* [TASK BRIEF]: Return the data word for word. Pictures are to be omitted.

* [RAW DATA]:
========================================================================
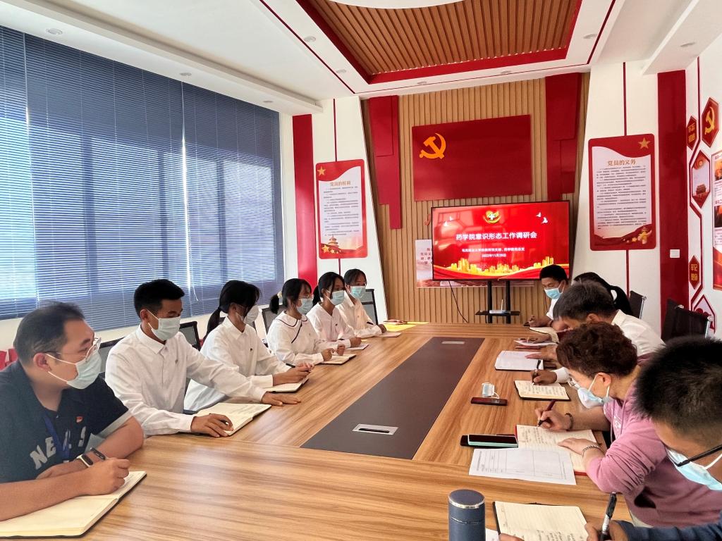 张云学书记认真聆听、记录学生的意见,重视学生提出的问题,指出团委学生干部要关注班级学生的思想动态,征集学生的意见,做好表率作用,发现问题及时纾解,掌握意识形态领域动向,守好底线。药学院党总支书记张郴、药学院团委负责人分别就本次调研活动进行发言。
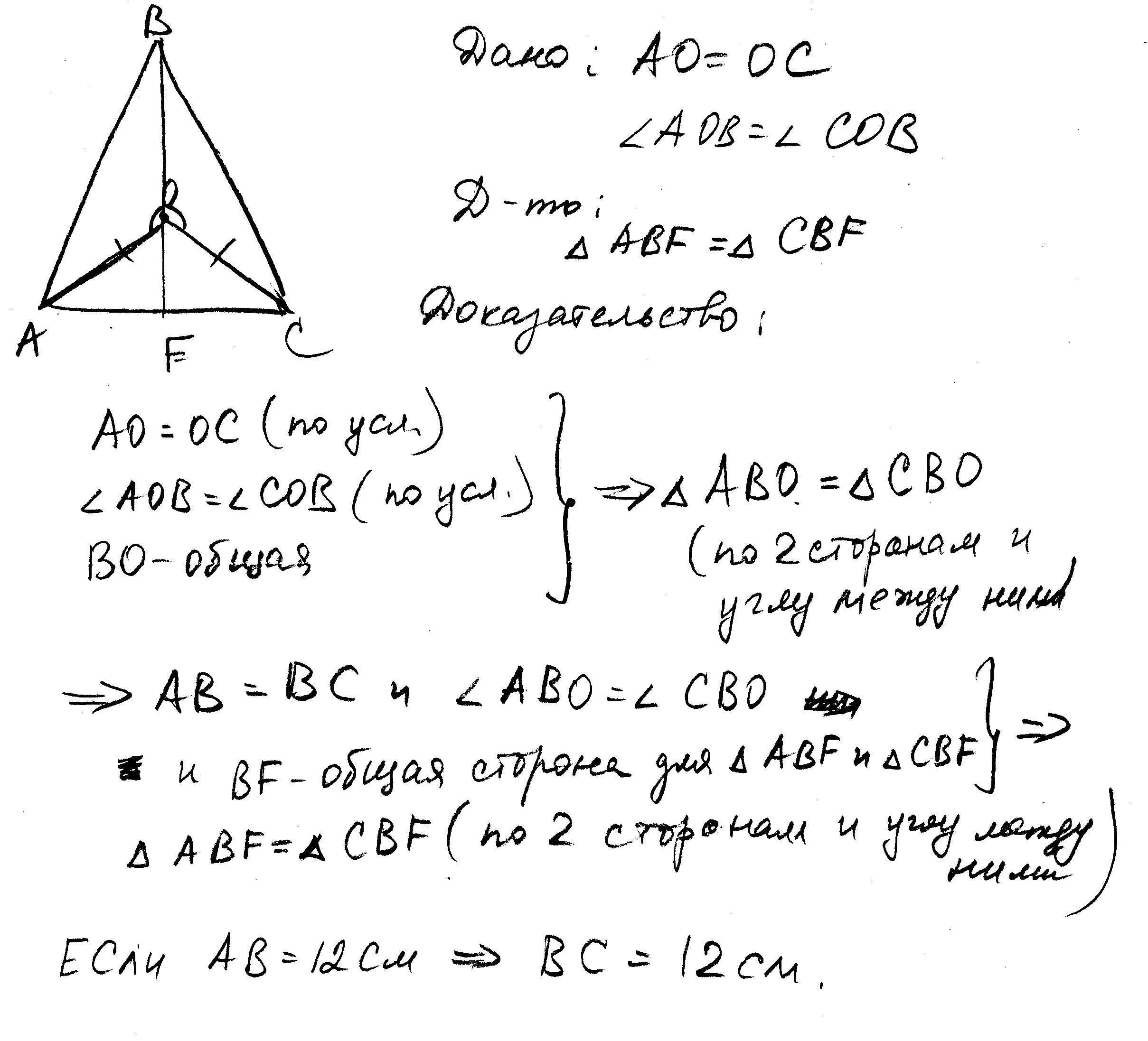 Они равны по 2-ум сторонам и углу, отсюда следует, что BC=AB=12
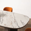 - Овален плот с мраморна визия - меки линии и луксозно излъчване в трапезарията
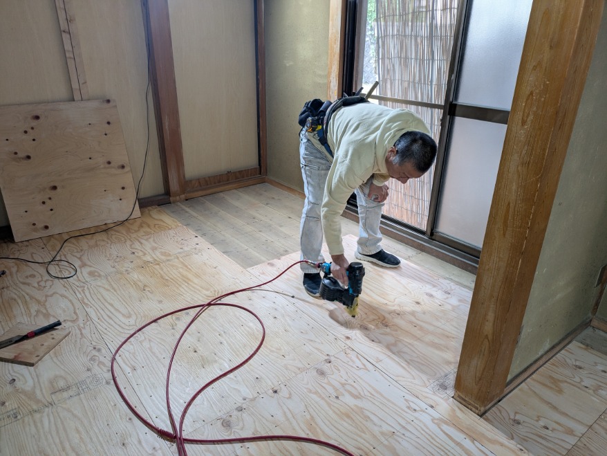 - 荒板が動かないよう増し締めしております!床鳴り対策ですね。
========================================================================
* [FINISHED TASK]:
 张云学书记认真聆听、记录学生的意见,重视学生提出的问题,指出团委学生干部要关注班级学生的思想动态,征集学生的意见,做好表率作用,发现问题及时纾解,掌握意识形态领域动向,守好底线。药学院党总支书记张郴、药学院团委负责人分别就本次调研活动进行发言。
 Они равны по 2-ум сторонам и углу, отсюда следует, что BC=AB=12
 - Овален плот с мраморна визия - меки линии и луксозно излъчване в трапезарията
 - 荒板が動かないよう増し締めしております!床鳴り対策ですね。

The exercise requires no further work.